The last planning meeting of the year offers a veritable potpourri of planning matter for council consideration. There are a couple of decision reports ready for ratification, a new request to designate a heritage property, and a brand new statutory meeting on a transformative project in the south end. All that, plus council will deal with a referral from an earlier meeting.
NOTE #1: Delegates will be able to appear at this meeting via telephone or video, but you do have to register with the clerks office before 10 am on December 10. You can also submit written delegations and correspondences for agenda items.
NOTE #2: The meeting will be closed to the public, though it will be live-streamed on the City of Guelph’s website here.
2021 Development Charges By-law Amendment – At a special meting in October, council heard proposed changes to the Development Charges Bylaw, adjustments prompted by the passage of several different pieces of provincial legislation. At the end of that meeting, council referred the recommended changes to this meeting, but it looks like there’s been no update to the proposed changes in the last six weeks.
Decision Report 66 Duke Street Proposed Official Plan and Zoning By-law Amendments File: OZS20-008 Ward 1 – From October’s planning meeting, staff is giving a green light to this proposed four-storey, 22-unit apartment complex on Duke Street just north of Alice.
Decision Report 520 Speedvale Avenue East Proposed Official Plan Amendment and Zoning By-law Amendment File OZS20-006 Ward 2 – This is another proposal that came to council in October, but staff are recommending some changes to the finished project. The original plan was to build 64 stacked, back-to-back townhouses, but the approved application has scratched off 12 of the townhouses to bring the total number to 52, 32 back-to-back and 20 that are the more conventional front-to-back.
Notice of Intention to Designate 919 York Road under Section 29, Part IV of the Ontario Heritage Act – This property is better known as the Matthews Farmhouse, but the proposed heritage designation covers more than just the farmhouse itself. Earlier this year, an application came to Heritage Guelph to demolish the building after what can only be described as years of neglect, the roof was starting to cave in, the property was not secured, and a daycare is based nearby.

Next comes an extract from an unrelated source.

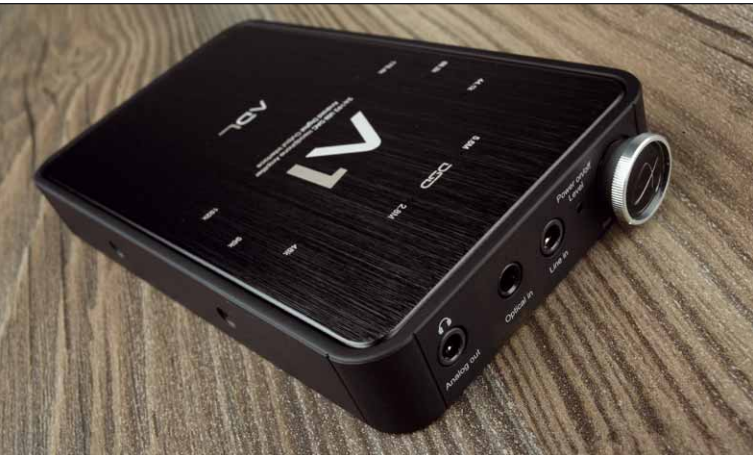
Kleine Leuchten auf der Oberseite zeigen die verwendete Samplingrate an. Zum Schutz sind die Kanten des Gerätes mit Gummi bezogen

Still, the farmhouse is “an early and representative example of mid-19th century rural farmhouse construction using heavy timber log and fieldstone (limestone and granite) construction methods,” and Heritage Guelph wants to see it protected. The heritage designation will be automatically approved if there are no objections within 30 days of being passed by council at this meeting.

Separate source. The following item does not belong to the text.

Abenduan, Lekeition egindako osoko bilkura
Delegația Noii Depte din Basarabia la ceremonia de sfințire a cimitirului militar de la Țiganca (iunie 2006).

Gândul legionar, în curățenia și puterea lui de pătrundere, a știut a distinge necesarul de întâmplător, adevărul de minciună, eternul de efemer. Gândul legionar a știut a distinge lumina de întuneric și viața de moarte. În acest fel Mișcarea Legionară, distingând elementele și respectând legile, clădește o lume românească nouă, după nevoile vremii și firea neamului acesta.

Statutory Public Meeting Report 601 Scottsdale Drive Proposed Zoning By-law Amendment File: OSZ21-012 Ward 5 – Just a few months ago, this was the Holiday Inn location for Guelph, as it had been for years, but if it all goes according to the rezoning plan, this could be a new student residence. The building, which is owned by a real estate development company and not the University of Guelph, will be transformed from an old hotel and conference centre into a residence with 151 suites and 13 apartments. What dos that mean? The suites are essentially a bedroom and a bathroom, while the apartments will have two bedrooms. This is just the statutory meeting for this development proposal. No final decision will be made at this meeting, council will only vote to receive the report.